Kentucky State University in Frankfort has informed its employees about a data breach, including information from W-2 tax forms.
On Tuesday, the university posted this alert on its website: “This correspondence is to inform you of a data breach that occurred on March 22, 2016, and involved the inadvertent disclosure of personally identifiable information of current and former Kentucky State University (“KSU”) employees. The data included KSU W-2s for 2015 and university identification information.”
The posting said KSU “has already taken action to limit the effects of this breach and to identify” the responsible culprits. Federal and state authorities have been notified and are investigating, KSU said.
The university said it had notified all three major credit-reporting agencies.
The Internal Revenue Service issued an alert to payroll and human resources professionals this month to beware of a phishing email scheme that purports to be from company executives and requests personal information on employees.
The IRS learned that the scheme — part of a surge in phishing emails seen this year — has claimed several victims as payroll and human resources offices mistakenly emailed payroll data, including W-2 forms that contain Social Security numbers and other personally identifiable information, to cybercriminals posing as company executives.

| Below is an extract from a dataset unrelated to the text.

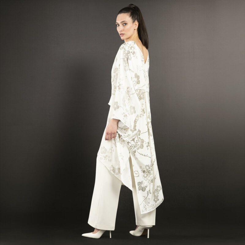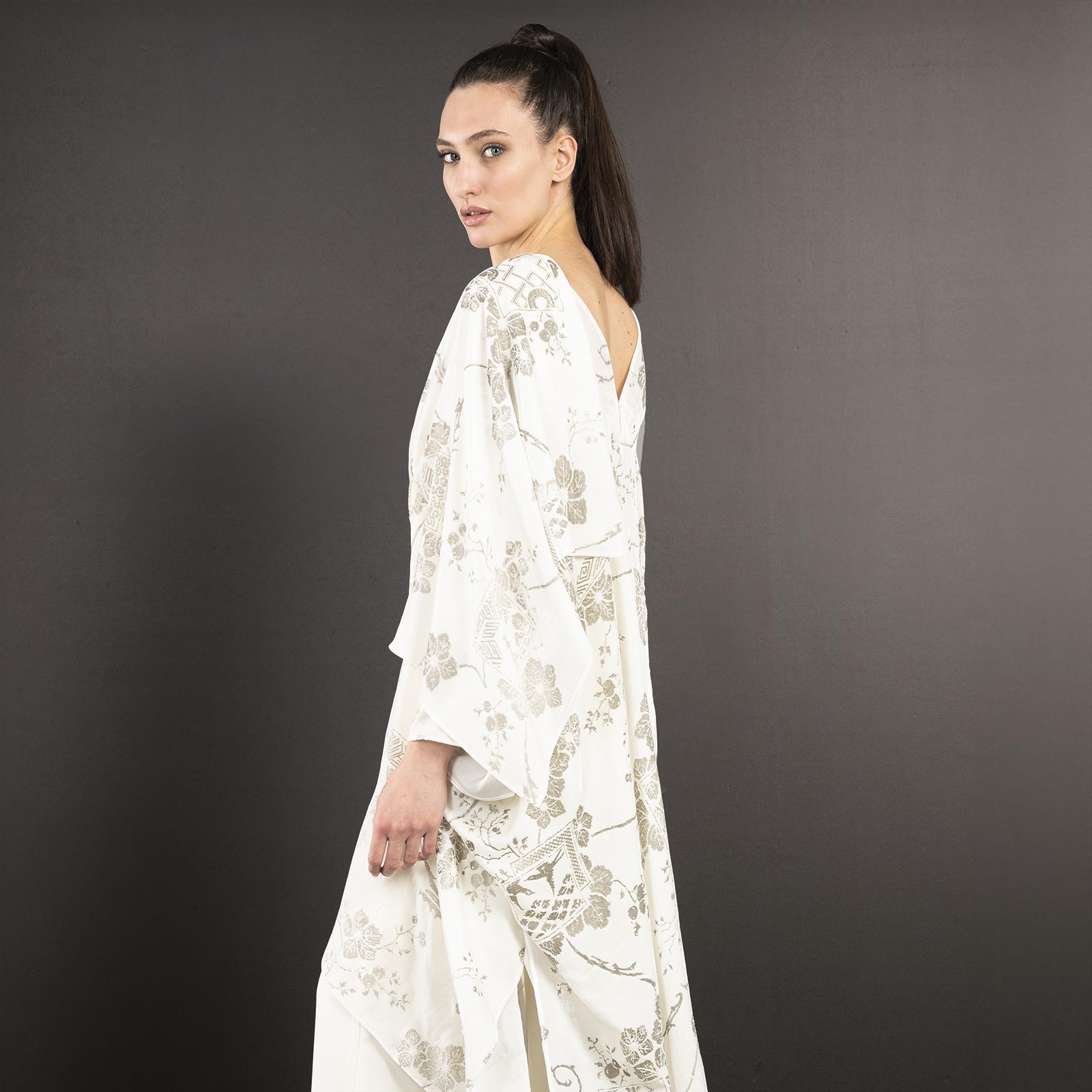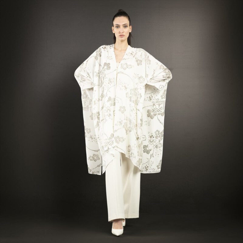 Daphne | Printed velvet Long evening coat | Riassunto White

“This is a new twist on an old scheme using the cover of the tax season and W-2 filings to try tricking people into sharing personal data,” IRS Commissioner John Koskinen said in a release. “Now the criminals are focusing their schemes on company payroll departments.
“If your CEO appears to be emailing you for a list of company employees, check it out before you respond. Everyone has a responsibility to remain diligent about confirming the identity of people requesting personal information about employees.”
The IRS issued a wider consumer alert for email schemes after seeing an approximate 400 percent surge in phishing and malware incidents this tax season and other reports of scams targeting others in a wider tax community.
KSU recommended some steps for employees to limit the exposure of personally identifiable information.
The university advised employees to monitor all financial accounts closely and, if they see any unauthorized activity, promptly contact their individual financial institution and/or submit a complaint to the Federal Trade Commission, Suite 1825, 55 West Monroe Street, Chicago, Ill. 60603; calling 1-877-ID-THEFT (1-877-438-4338), or go to Fccomplaintassistant.gov.
In addition, to learn more about steps to protect against identity theft, employees may contact the Kentucky Attorney General’s Office, Office of Consumer Protection, 1024 Capital Center Drive, Frankfort, Ky., 40601, by calling 1-855-813-6508, or going to Ag.ky.gov/family/consumerprotection/idtheft/Pages/default.aspx
KSU employee also may want to contact the three U.S. credit reporting agencies (Equifax, Experian and TransUnion) to obtain a free credit report from each by calling 1-877-322-8228 or by going to Annualcreditreport.com.